The mighty comma

3 Sep
Everyone has heard stories about the importance of punctuation and how those seemingly insignificant marks can completely change the meaning of a sentence.  The classic example:
Woman, without her man, is nothing.
Woman: without her, man is nothing.
The hardest punctuation mark for most people is the lowly comma.  Now, I don’t pretend to be an expert, but I flatter myself that most of the time I know what I’m doing with them.  (The trouble with writing this is that I now tremble in fear that there are punctuation errors in this post.)
 
Personally, I am a firm believer in the "Oxford comma".  What is an Oxford comma, you ask?  Here’s an explanation from "AskOxford.com":
 

The ‘Oxford comma’ is an optional comma before the word ‘and’ at the end of a list:

We sell books, videos, and magazines.

It is so called because it was traditionally used by printer’s readers and editors at Oxford University Press. Sometimes it can be necessary for clarity when the items in the list are not single words:

These items are available in black and white, red and yellow, and blue and green.

Some people do not realize that the Oxford comma is acceptable, possibly because they were brought up with the supposed rule (which Fowler would call a ‘superstition’) about putting punctuation marks before and.

This comma is optional, so some writers choose to leave it out unless absolutely necessary, but I think using it consistently is the best way to avoid confusion.  While editing a document for Michael, I came across the following:

"The view from the Settlement of Nahanni Butte is restricted to a portion of the South Nahanni River, the small Butte and the Nahanni Butte (Tthenaago)."

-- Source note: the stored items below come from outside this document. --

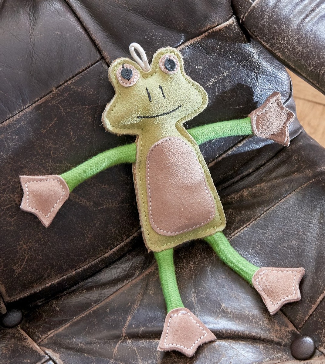 Francois le Frog is a fun toy made from sustainable jute and covered in soft suede.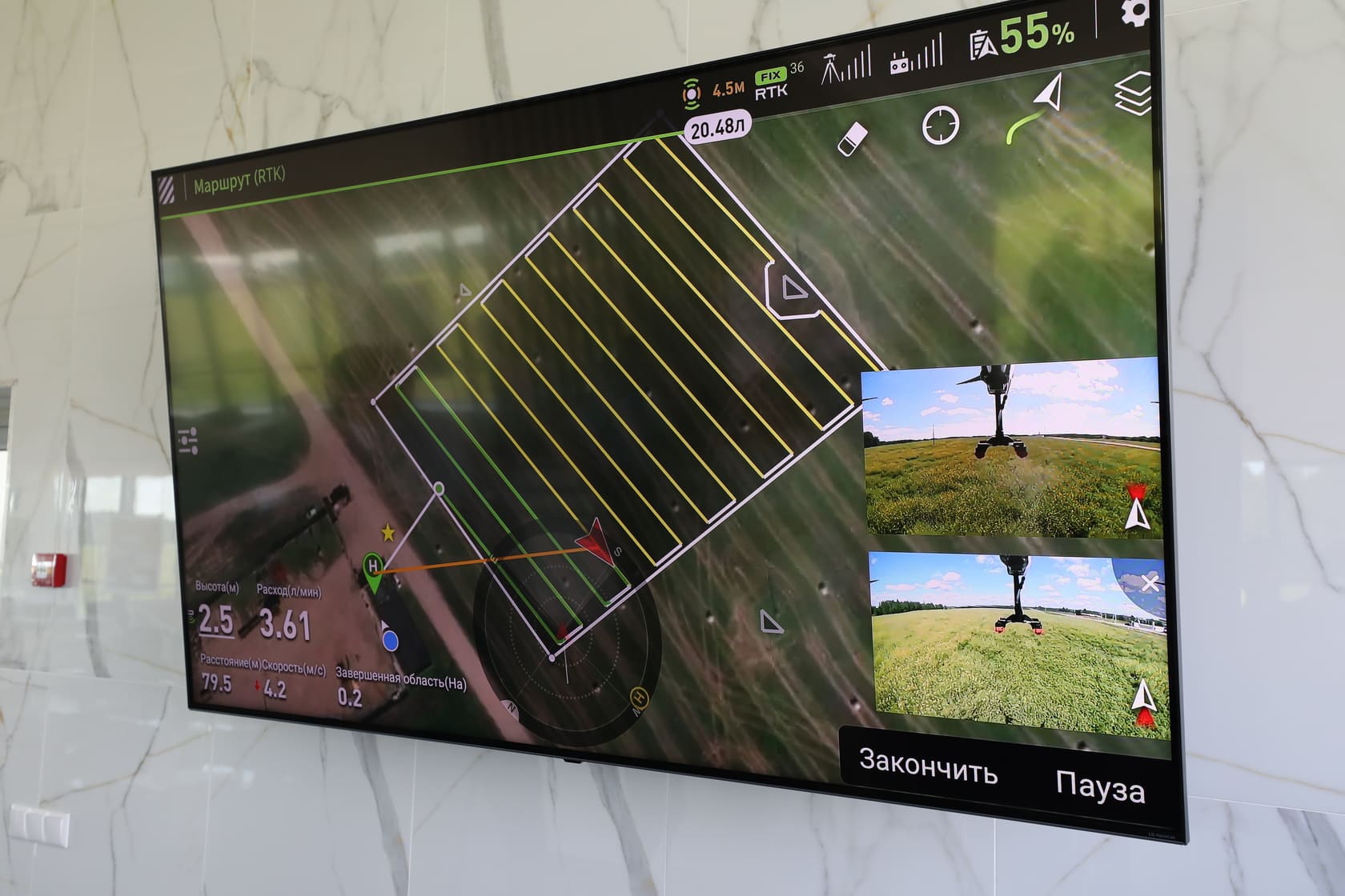 Благодаря созданной дроном-разведчиком карте агроном видит ситуацию на поле и на основе этой информации принимает решение о дозе распыляемого средства, составляет полетное задание. Дрон разбивает поле на пятиметровые квадраты и распыляет средство в соответствии с заданными параметрами. Он летит над всем полем равномерно в любое время суток и регулирует подачу средства в зависимости от задания.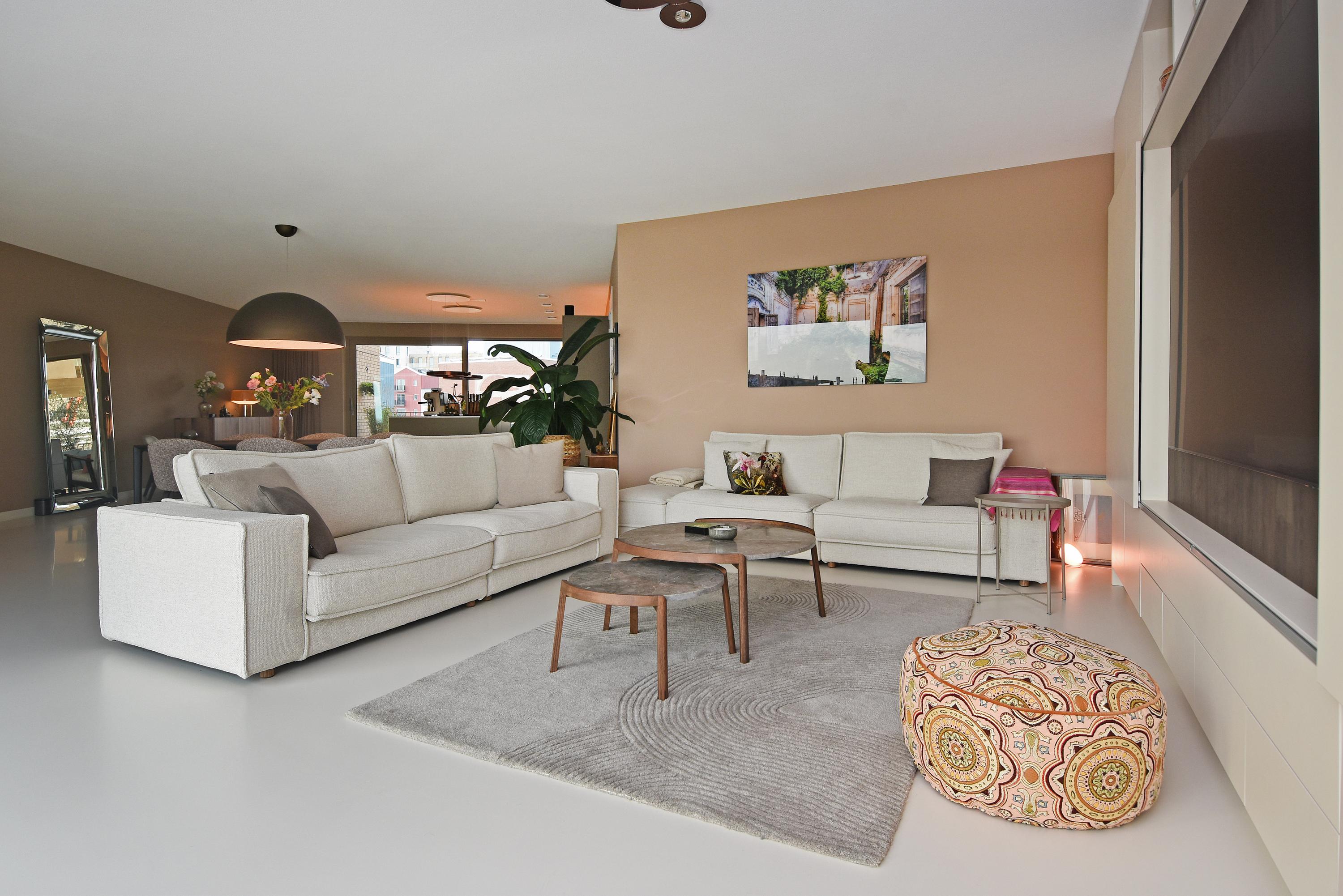 Aan de voorzijde bevindt zich het zitgedeelte met een stijlvolle, op maat gemaakte kastenwand met afsluitbare werkplek. Aan de achterzijde ligt de designkeuken met kookeiland en alle denkbare luxe inbouwapparatuur, waaronder een inductiekookplaat met geïntegreerde afzuiging, Quooker, vaatwasser, combi-oven, ruime koelkast en aparte ruime vriezer. Vanuit de keuken opent de grote schuifpui naar het riante balkon, waar u in alle rust kunt genieten van de middag- en avondzon.

If you’re familiar with the area around Nahanni Butte and if you pay the least amount of attention to commas, this sentence confusing.  I added a comma after "the small Butte" and wrote this comment to Michael about it:

"Here’s an example of a sentence where comma use is delicate.  Without the second comma, you imply that the small butte and the Nahanni Butte are part of the South Nahanni river.  This means that there is only a single view from the community.  I added in the comma, which now means the community has a view of three points of interest.  Oh, the mighty comma!"

 Okay, okay, I realize I’m being pedantic again, but I’m slightly intoxicated by the feeling of using my brain after spending so much time worrying solely about baby sleep schedules.  I’m feeling much better now, thank you.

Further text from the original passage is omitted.